-
Notifications
You must be signed in to change notification settings - Fork 339
How many data analysis tasks can BI software handle?
Actually, not much!
From the early call for multidimensional analysis to the recent call for agile BI, BI vendors have been emphasizing self-service capabilities, claiming that business personnel can analyze data at their own discretion, and users often have strong needs. Both parties can easily form purchasing behavior as soon as they reach an agreement.
However, in terms of the expected job content for most users who lack BI application experience, the goal of self-service can be said to be far from achieved! From experience, the best situation can only solve about 30% of the problems, while most BI products cannot even reach this number and can only handle about 10% of the requirements.
The fundamental aspect of data analysis lies in data, or rather in calculations, rather than interfaces. The new generation of agile BI products has made significant progress in terms of interface aesthetics and operational convenience, but their data processing capabilities have not yet exceeded the scope of multidimensional analysis.
Multidimensional analysis refers to filtering a pre prepared dataset (called a CUBE) under certain conditions (called slicing) to view certain statistical values in specified dimensions, such as the sales volume and sales amount of a certain product by region and month in a certain year, which are written in SQL in the following way:
SELECT Di,...,SUM(Mi),COUNT(Mi),... FROM T GROUP BY Di,... WHERE Di=... AND Di IN (...) ...
The role of BI software is to make it particularly convenient for users to change filtering conditions and viewing dimensions, allowing them to move from the currently visible state to the target state, which is called rotation, drilling, slicing, etc. This is very meaningful for interactive analysis. However, no matter how convenient and smooth it is, the calculations that can be done are still like this: GROUP BY+WHERE, and there is not much more.
BI products sometimes support some simple cross row/group operations, such as calculating the ratio, ranking, proportion, etc. Obviously, the results of these operations are also of great significance for business analysis. Cross row/group operation is different from regular summary. Regular summary can be calculated with one given set of dimensions, while cross row/group operation requires an additional range level. However, most BI software on the market does not pay attention to this and arbitrarily sets the range level as the entire set. If you want to see the ranking of sales of a certain region in the province, you can only first slice the data within the province, and then look at each province one by one. Otherwise, you can only see the ranking nationwide, which is very inconvenient. When examining BI software, special attention should be paid to whether it supports setting a range layer for cross row/group operations. Of course, manufacturers will say that they can support cross row/group operations, but weak support can lead to some analysis tasks being unable to be implemented.
Achieving multidimensional analysis can only solve about 10% of self-service needs, which is the most common self-service capability of BI products.
The main problem of multidimensional analysis is the model-building process, which involves preparing a dataset in advance and limiting the analyzed data to the dataset. But in practical applications, it often goes beyond this range, which may involve unexpected data items or performing association operations with another dataset, which can lead to re model-building. However, model-building requires the help of technical personnel, making it impossible for business personnel to engage in self-service.
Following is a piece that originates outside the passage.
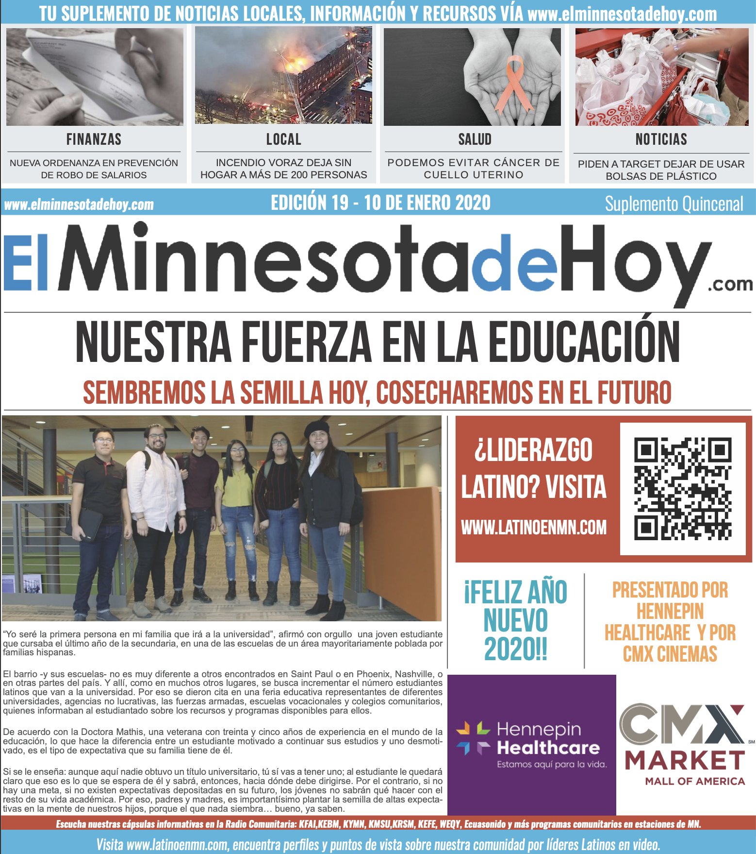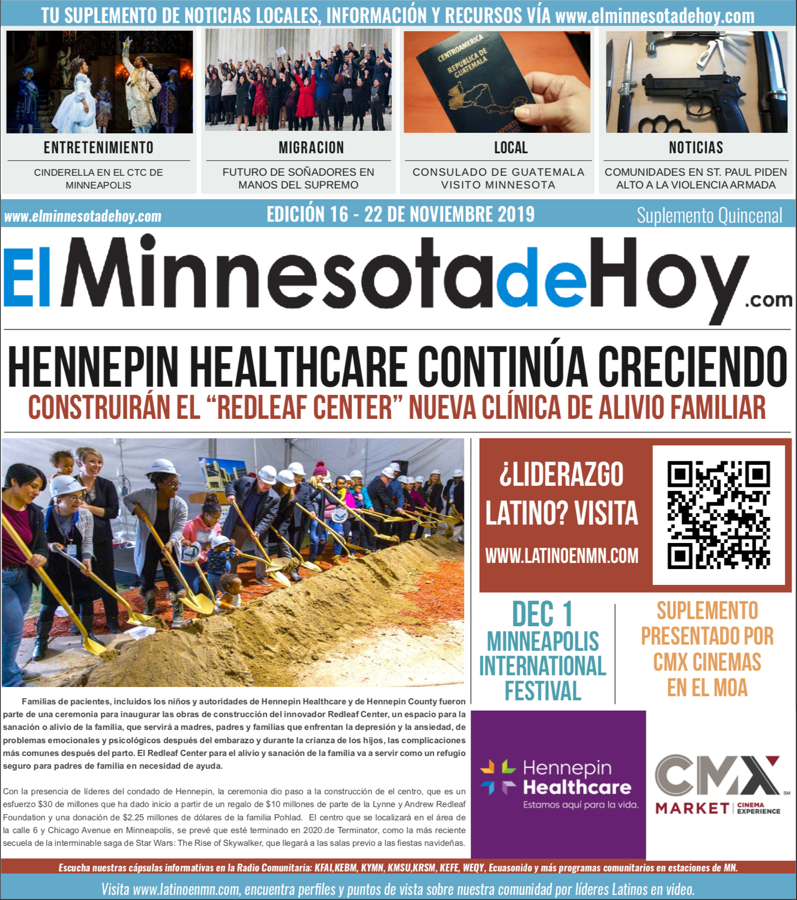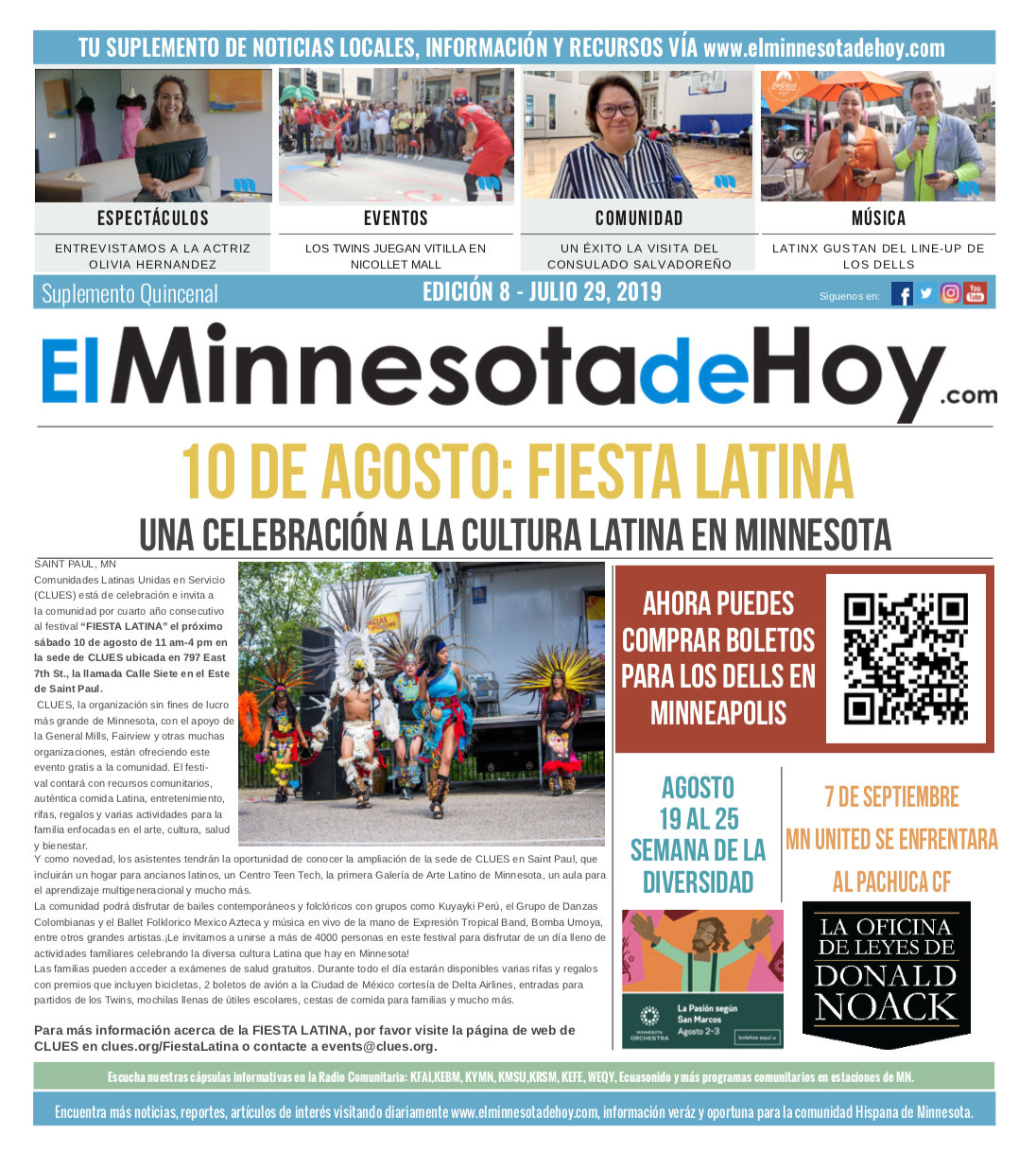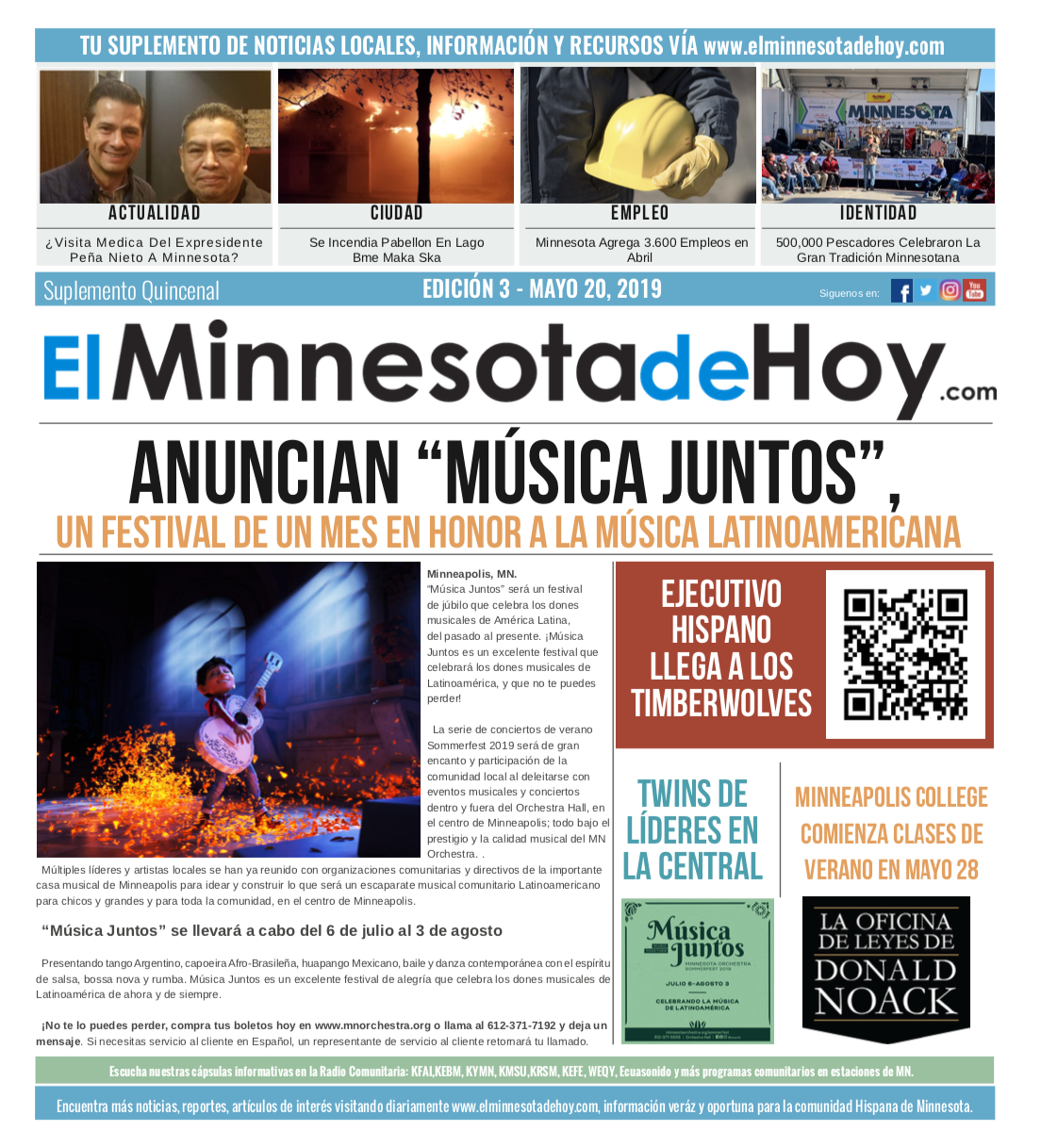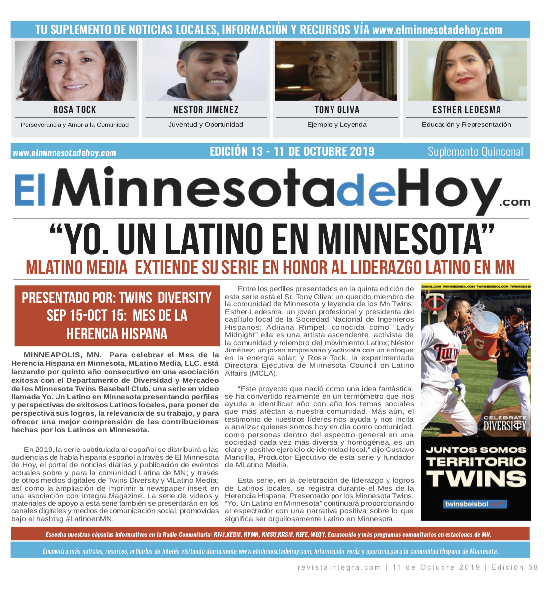 A print edition of El Minnesota de Hoy produced by MLatino Media became available since the month of April 2019. A bi-weekly #MNHoy insert, featured in Revista Integra, highlights top local news and stories directly from our daily news website. www.elminnesotadehoy.com

To address this limitation, some BI products have begun to provide associated query capabilities. Usually, a step is added before multidimensional analysis, which can calculate a new dataset based on the association of multiple datasets before conducting multidimensional analysis, or support certain association operations between multiple cubes during the multidimensional analysis process. This is equivalent to allowing business users to build model themselves to a certain extent.
However, implementing associated queries is not easy, and the root cause is that the definition of JOIN in relational databases is too simple, resulting in the association relationships between datasets appearing too cumbersome and beyond the understanding of many business personnel. This dilemma can be improved with the assistance of the BI product interface. A good BI product can enable business personnel to automatically handle the unique relationship between tables. But facing situations that are not unique (common in enterprise applications) is still difficult, and we will discuss this topic in detail later. To fundamentally solve this problem, it is necessary to change the data organization model at the database layer. Almost all BI products do not redefine the data model of the database, which limits their ability to perform associated queries.
A popular example that can be used to test the association ability of BI products is to search for male employees of female managers. This simple query requirement involves multiple associations of the same dataset, which most BI products cannot handle (unless modeled beforehand).
With the ability of associated query, the proportion of self-service requirements that BI products can solve can increase to 20% -30%, depending on the strength of the association ability provided by the product.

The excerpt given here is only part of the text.